How much Omega-3 do I need?

The American Heart Association recommends that patients who do not have a history of heart disease eat at least 2 servings of fish each week (a total of 6-8 ounces). This should include a variety of fish. Cold-water wild varieties of fish like mackerel, tuna, salmon, sardines and herring contain high amounts of omega-3 fatty acids. See the list above to help choose fish with high levels of omega-3 fatty acids. If you have heart disease, your healthcare professional may recommend that you have one gram of EPA +DHA every day. If you have trouble getting this amount through food alone, talk to your doctor about taking a fish oil supplement. If you have high triglyceride levels, you may need to eat more foods that are good sources of omega-3 fatty acids, even if you take medication to lower your triglyceride levels. Your healthcare provider may also want you to take a fish oil supplement. In general, 2-4 grams of EPA + DHA every day is recommended for patients with high triglyceride levels. This amount has been shown to lower triglyceride levels 25 to 35 percent.

What if I’m allergic to fish or don’t want to eat fish?

Fish is the best food source of omega-3 fatty acids, but several plants contain ALA. This is not as rich of a source of omega-3 fatty acids, but some studies show that ALA can reduce the risk of cardiovascular disease. Good sources of ALA are ground or milled flaxseeds, flaxseed oil, chia seeds, walnuts, soy foods and canola oil. Another source of ALA is algae or algae oil, which is broken down to DHA. Many foods that are fortified with omega-3 use algae oil. These are excellent options for vegetarians that do not eat fish. There are currently no serving size recommendations for ALA-rich foods. But, adding these foods to your diet regularly may help your heart health.

 

Health Benefits of Omega-3 Fatty Acids

Blood fat (triglycerides): Fish oil can lower elevated triglyceride levels. Having high levels of this blood fat puts you at risk for heart disease and stroke.

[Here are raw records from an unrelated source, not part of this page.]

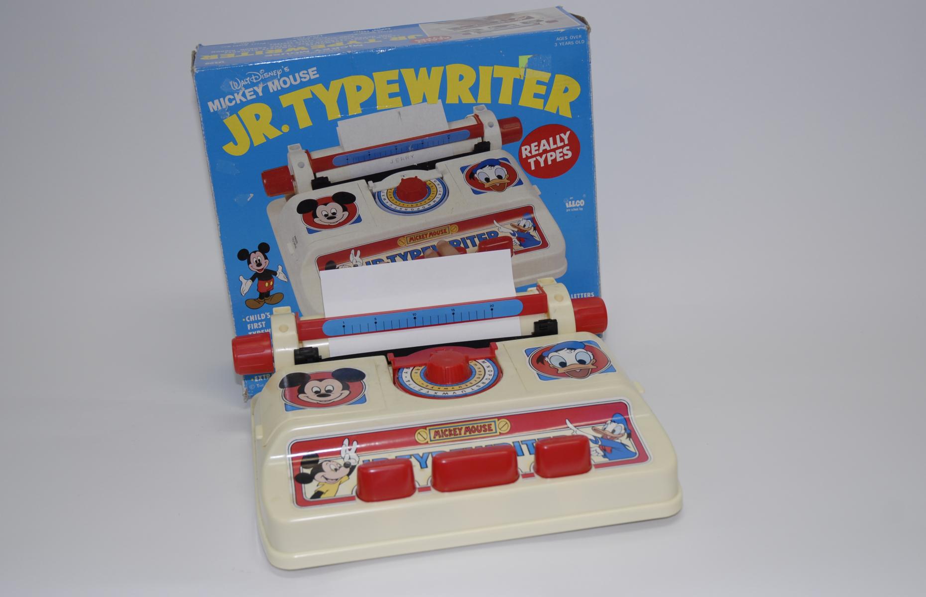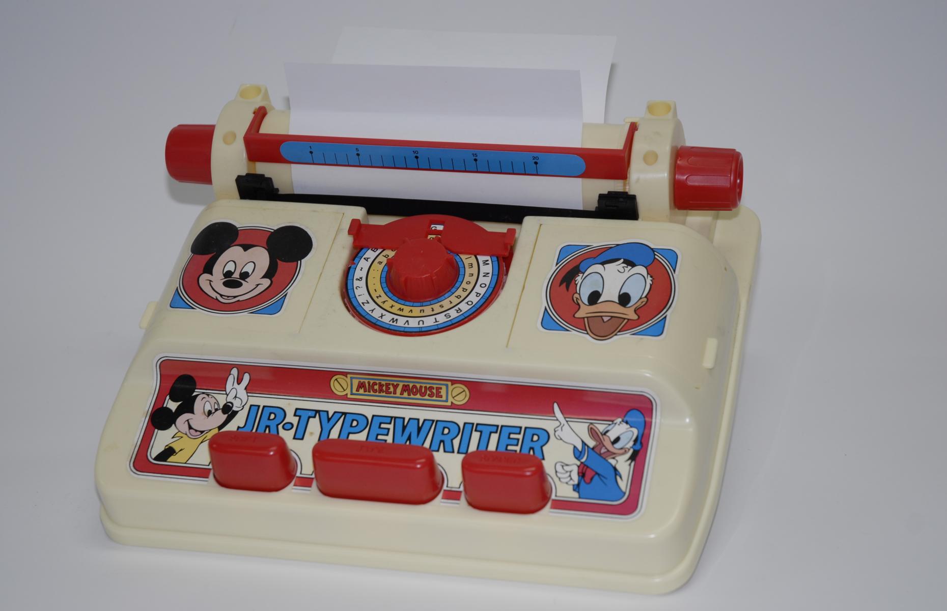 Dial-Schreibmaschine. Die Buchstaben und Sonderzeichen werden über ein Drehrad ausgewählt. Die Type-Taste druckt Großbuchstaben. Zusätzlich gibt es eine Shift- und eine Space-Taste.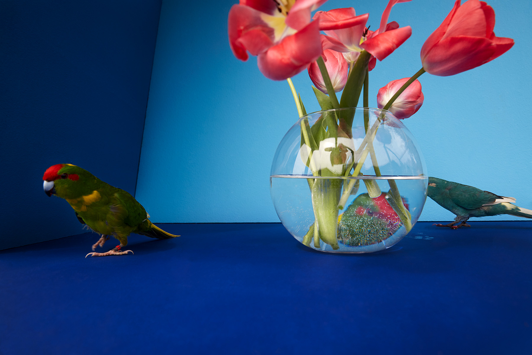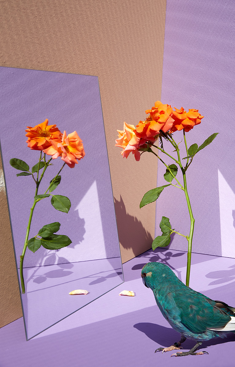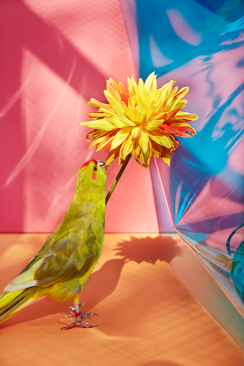 In Summertime, I try to return a fragment of that lost world. Each summer, I bring flowers from my garden into their aviary. For some, it may be their very first encounter with a flower: its smell, its color, its taste. These quiet moments become encounters between captivity and memory, between what was and what might have been.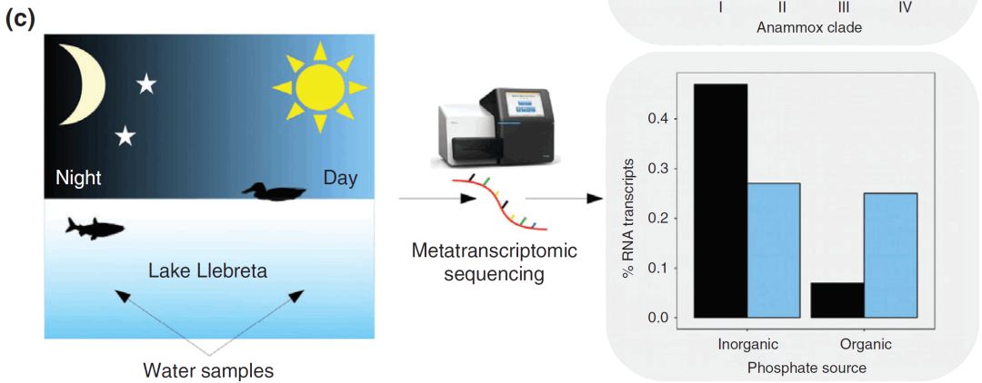 (c)Vila-Costa(2013)在进行了湖泊浮游生物的宏转录组测序, 他们发现磷酸盐摄取基因根据磷酸盐来源和一天中的时间差异表达。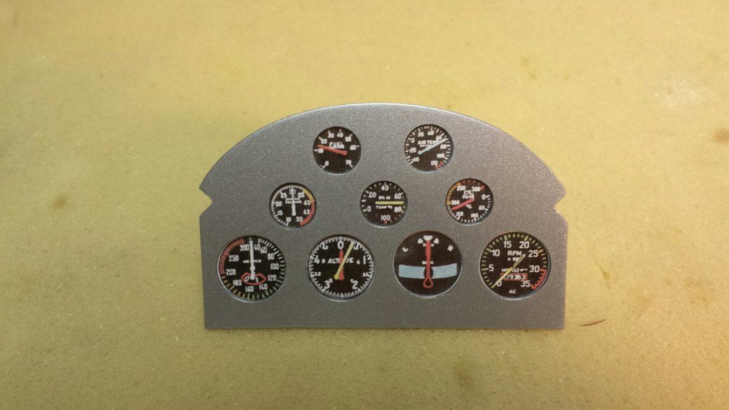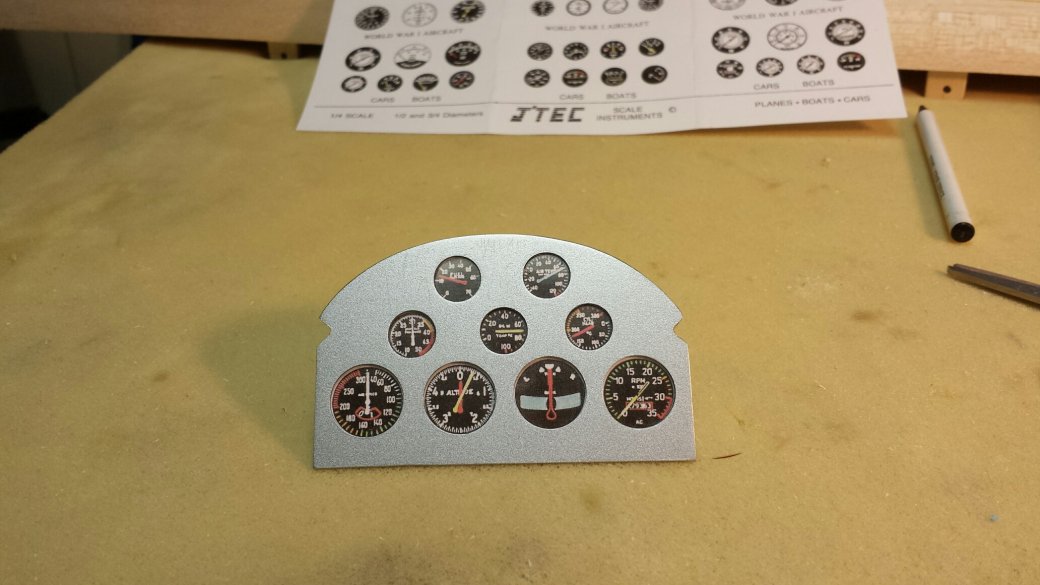 I painted the panel with a spray can then glued the thin clear plastic that comes in the J'Tec kit to the back side with canopy glue. I then glued the paper gauges on the back of that with a glue stick. Before I mount it in the plane it will get a thin piece of ply on the back, probably 1/32"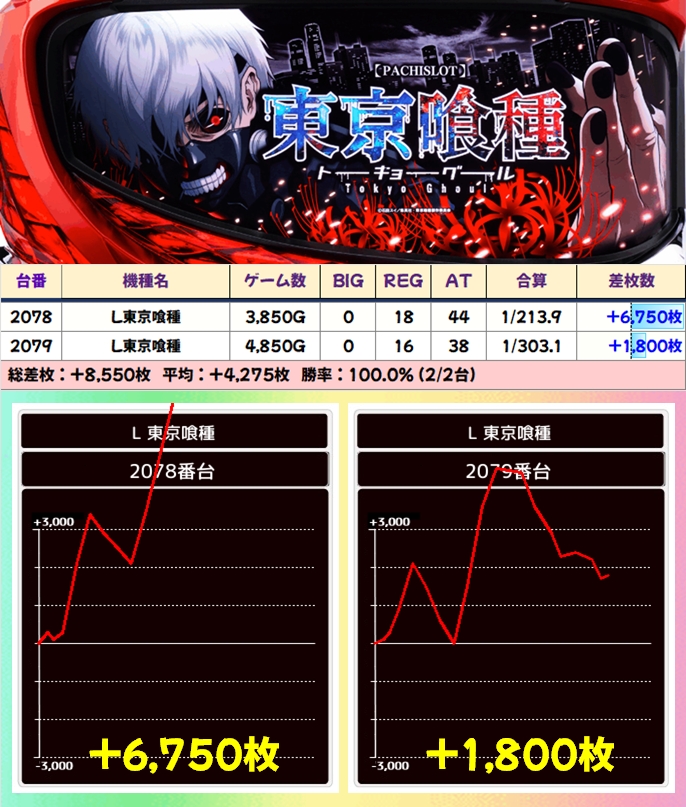 【2台並び】L東京喰種(2078番台〜2079番台)→平均+4,275枚(2/2台+)

Rheumatoid arthritis Fish oil supplements: (EPA+DHA) may curb stiffness and joint pain. Omega-3 supplements also seem to boost the effectiveness of anti-inflammatory drugs.

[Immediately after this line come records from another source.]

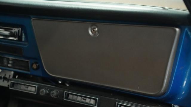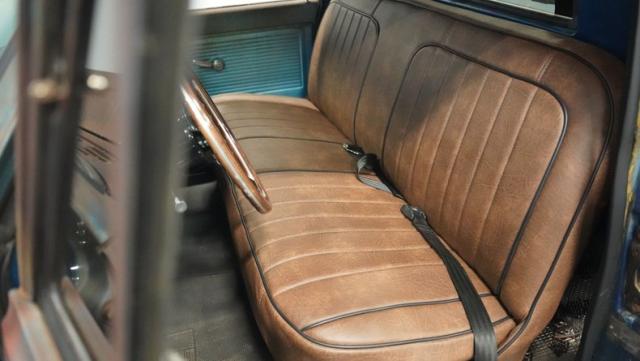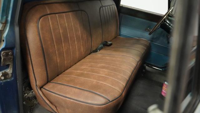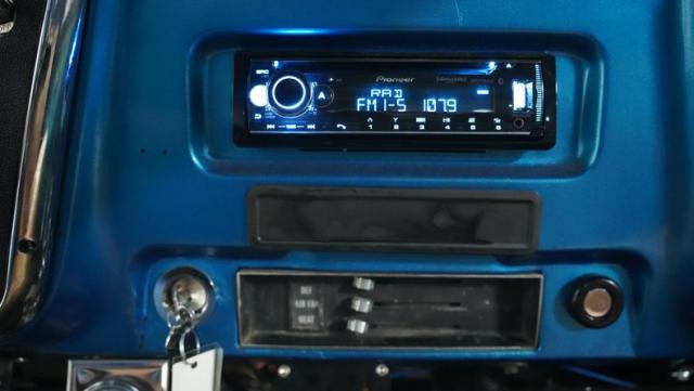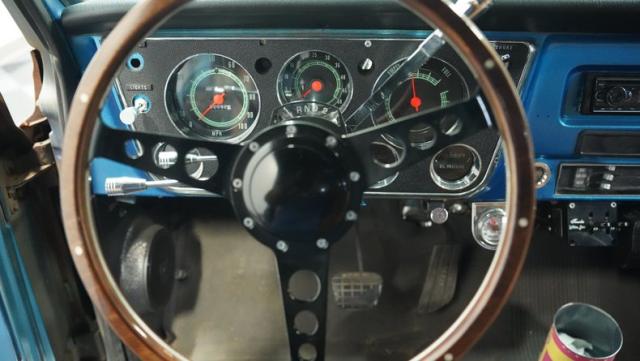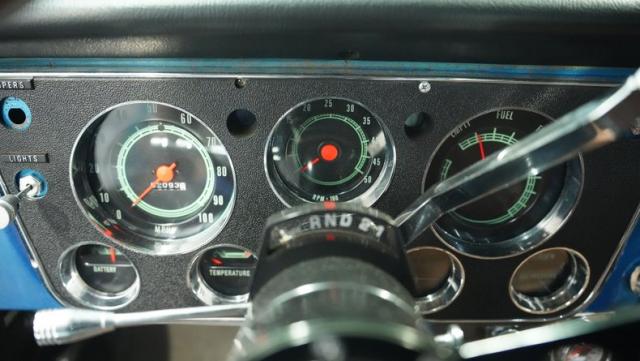 The interior features a nicely upholstered and comfortable bench seat, Pioneer AM/FM/CD/AUX/Bluetooth radio, cold Vintage air conditioning, tilt steering column, wood-grain steering wheel and crisp, clean factory-style reproduction tachometer and gauges, as well as a new OEM style gauge bezel assembly.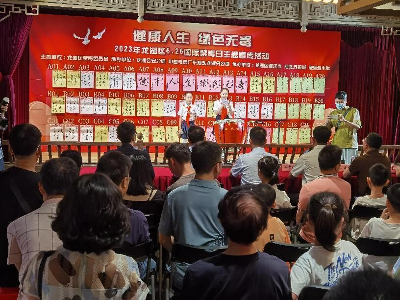 為進一步加強禁毒宣傳和毒品預防教育工作,廣泛宣傳普及禁毒知識,增強群眾防毒、拒毒意識和能力,號召群眾積極抵制毒品,在第36個“6.26”國際禁毒日到來之際,6月24日,由龍湖區禁毒辦主辦、龍湖公安分局承辦、龍湖區普法辦等單位協辦,在汕頭萬象城六樓里巷區域開展以“健康人生綠色無毒”為主題的禁毒宣傳教育活動。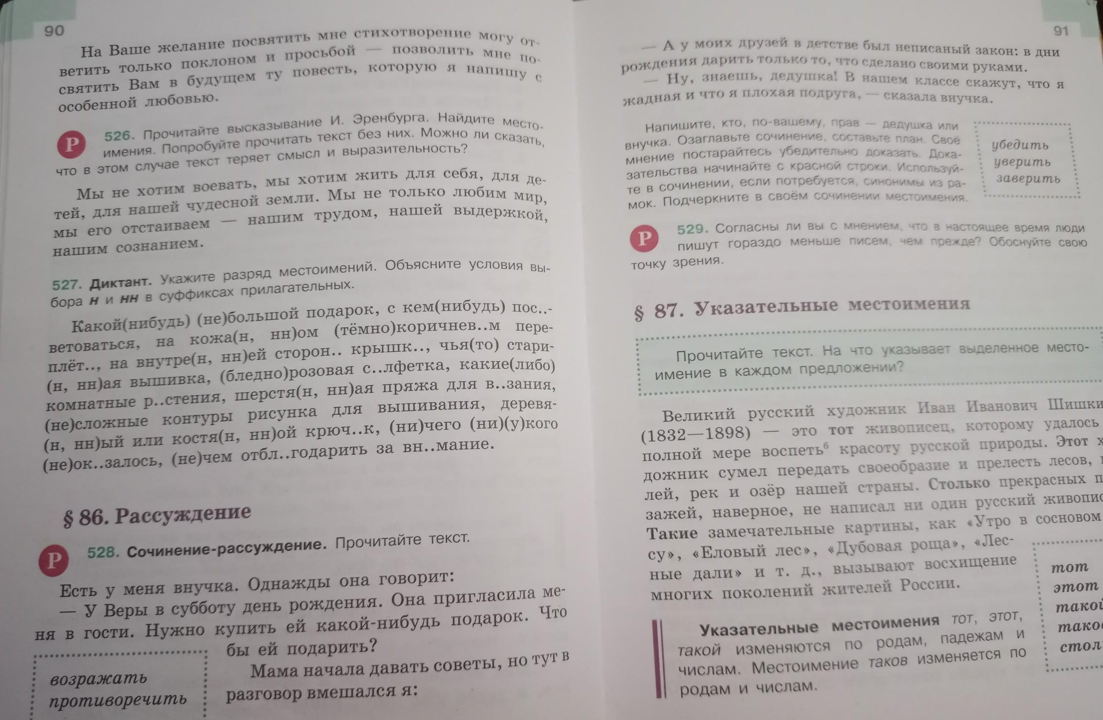 Она (лич. мест), меня (лич. мест), ей (лич. мест), какой-нибудь (неопр. мест), я (лич. мест), моих (притяж. мест), нашем (притяж. мест.)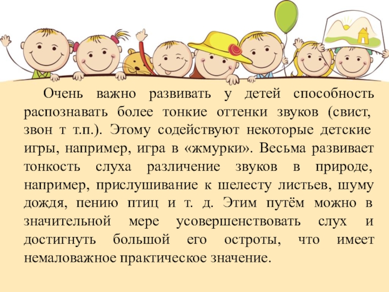 Слайд 23 Очень важно развивать у детей способность распознавать более тонкие оттенки звуков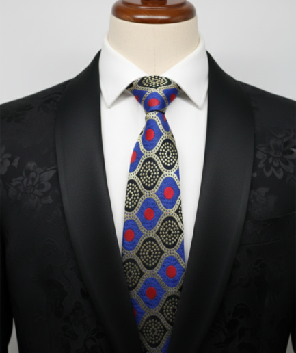Blue Tie with Red Dots & Black Work – Stylish Designer Necktie

Depression. Some researchers have found that cultures that eat foods with high levels of omega-3s have lower levels of depression. The effects of fish oil supplements on depression has been mixed. More research is needed to see if it can make a difference.

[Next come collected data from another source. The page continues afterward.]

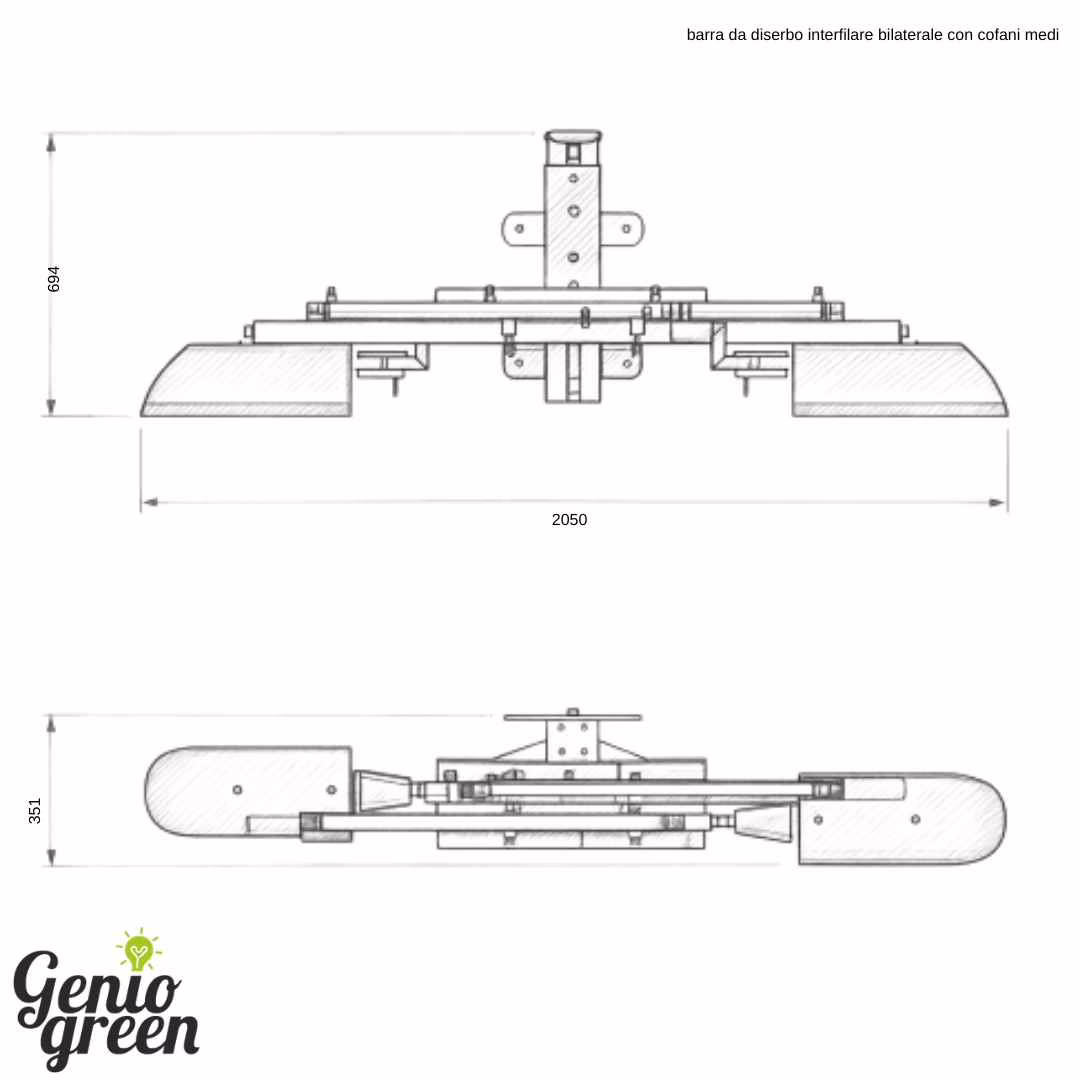 La barra da diserbo interfilare bilaterale   è dotata di cofani medi e predisposizione per la protezione antideriva (non inclusa). Inoltre, dispone di un sollevatore idraulico che consente di regolare l’altezza con una corsa di 30 cm. Questa barra è estremamente versatile grazie all’azione combinata dei terminali più lunghi e all’estensione idraulica di due cilindri. Grazie a queste caratteristiche, è possibile ottenere una larghezza di lavoro che varia da un minimo di 2050 mm a un massimo di 5650 mm.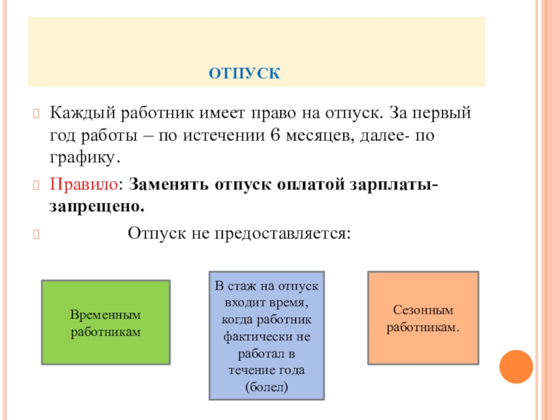 Каждый работник имеет право на отпуск. За первый год работы – по истечении 6 месяцев, далее- по графику.
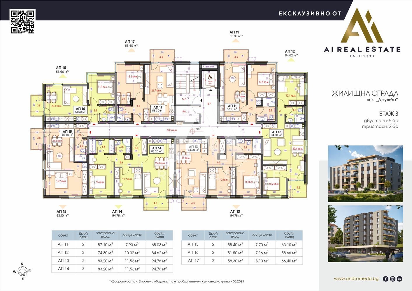Двустаен апартамент на среден етаж в новострояща се жилищна сграда на бул. България, в началото на ж.к. Дружба, който съчетава добра локация, функционално вътрешно разпределение и удобства, търсени в съвременното градско жилище.

Baby development: DHA appears to be important for visual and neurological development in infants.

Asthma: A diet high in omega-3s lowers inflammation, a key component in asthma. But more studies are needed to show if fish oil supplements improve lung function or cut the amount of medication a person needs to control the condition.

ADHD: Some studies show that fish oil can reduce the symptoms of ADHD in some children and improve their mental skills, like thinking, remembering, and learning. But more research is needed in this area, and omega-3 supplements should not be used as a primary treatment.

Alzheimer’s disease and dementia: Some research suggests that omega-3s may help protect against Alzheimer’s disease and dementia and have a positive effect on gradual memory loss linked to aging. But that’s not certain yet.